WISeR Model: AI for Fraud, Waste, and Prior Authorization Efficiency
Running for six years from January 1, 2026, to December 31, 2031, the WISeR Model (Wasteful and Inappropriate Service Reduction) is a voluntary program focused on leveraging AI and machine learning to streamline prior authorizations and combat fraud, waste, and abuse in traditional Medicare. This model targets specific services and items, such as skin and tissue substitutes, electrical nerve stimulator implants, and knee arthroscopy for knee osteoarthritis, which have been identified as having a higher risk of waste or inappropriate utilization. The goal is to ensure timely and appropriate Medicare payment for select items and services, with participating technology companies providing medical necessity recommendations.
The WISeR model operates as a pre-treatment decision process, a departure from post-pay audits. While CMS touts the program as a way to incorporate private sector innovations and expedite prior authorizations, concerns have been raised regarding the potential for incentivizing denials, as model participants receive a percentage of savings from averted wasteful care. Critics highlight that similar technology models in the private sector have led to increased automatic denials without sufficient regard for patient need. Despite these concerns, CMS emphasizes that participating companies must employ clinicians to validate technologically driven determinations, and licensed clinicians, not machines, will make final decisions on denials. The model is being piloted in six states: New Jersey, Ohio, Oklahoma, Texas, Arizona, and Washington.
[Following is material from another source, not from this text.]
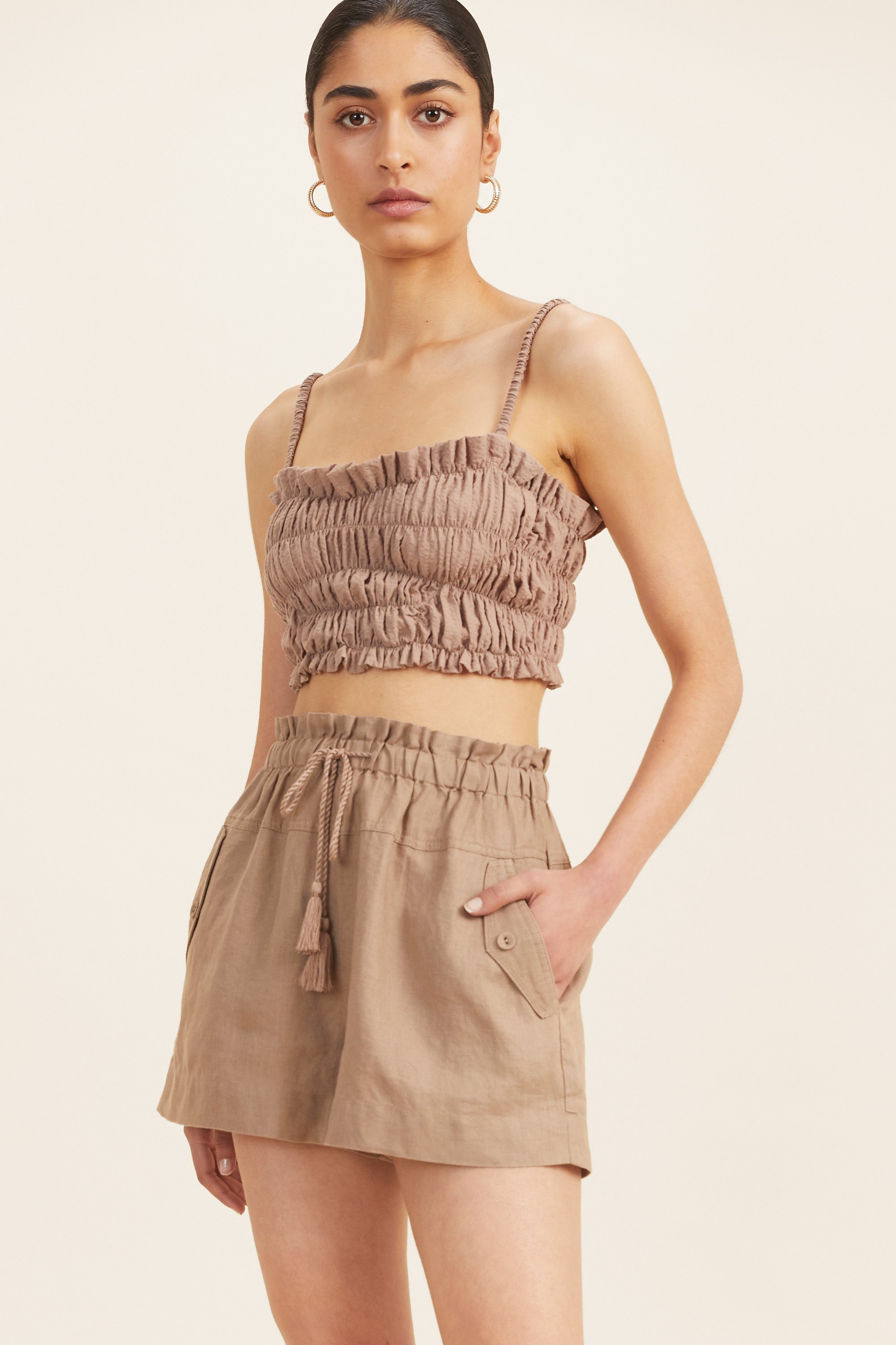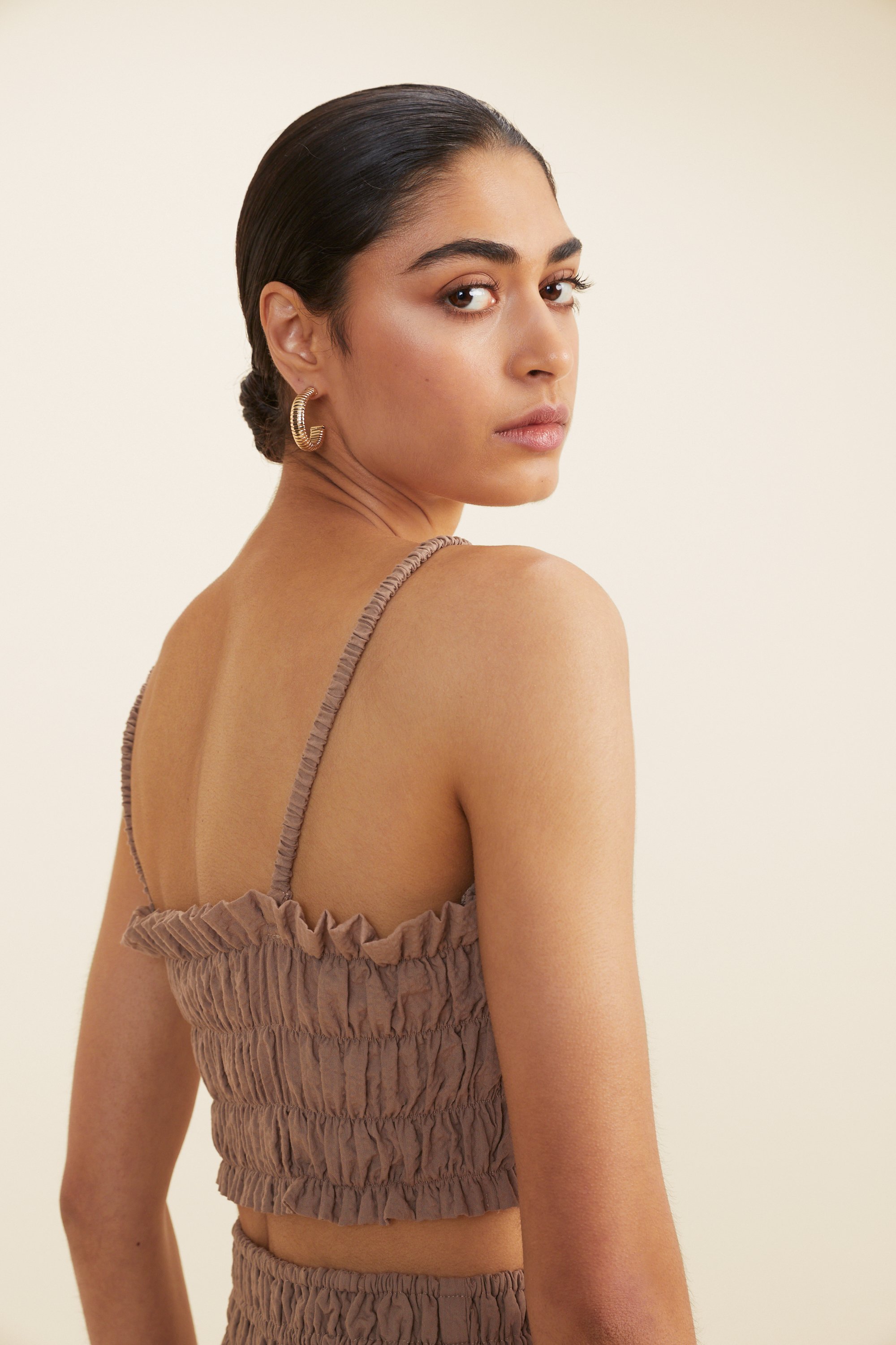 Designed with sweeping stitching lines and a ruched finish, this crop top is the perfect building block for any occasion outfit. The textured, cotton blend material sits neatly to the body with elasticated seams, and the top features a frill at the neckline and waist, with thin shoulder straps that are both adjustable and removable.

Challenges and the Path Forward for AI Reimbursement
Despite the promise of these new models, significant challenges remain in fully integrating AI into Medicare's payment systems. One major hurdle is the lack of a clear Medicare benefit category for many AI services, as statutory categories often do not encompass software as a service (SaaS) or algorithm-driven tools. Even when billing codes exist, regional Medicare Administrative Contractors (MACs) typically determine pricing, leading to inconsistencies across regions and limiting widespread adoption. Policymakers are grappling with how to appropriately price AI, whether payments should be separate or bundled, and how to account for AI's ability to augment clinicians and automate tasks, potentially altering the time estimates central to valuing clinical services.
To address these issues, legislative efforts like the Health Tech Investment Act, introduced in April 2025, aim to establish a dedicated pathway for Medicare to reimburse algorithm-based healthcare services (ABHS). This act proposes defining ABHS as a distinct service category, requiring CMS to place qualifying AI services into a "New Technology" Ambulatory Payment Classification (APC), and guaranteeing at least five years of separate reimbursement. Such reforms are crucial to provide clarity and predictability for medical device companies and accelerate the adoption of AI-enabled devices that enhance diagnostics and treatment. Furthermore, the shift towards value-based payment models is seen as a more effective way to incorporate AI advancements without increasing low-value spending.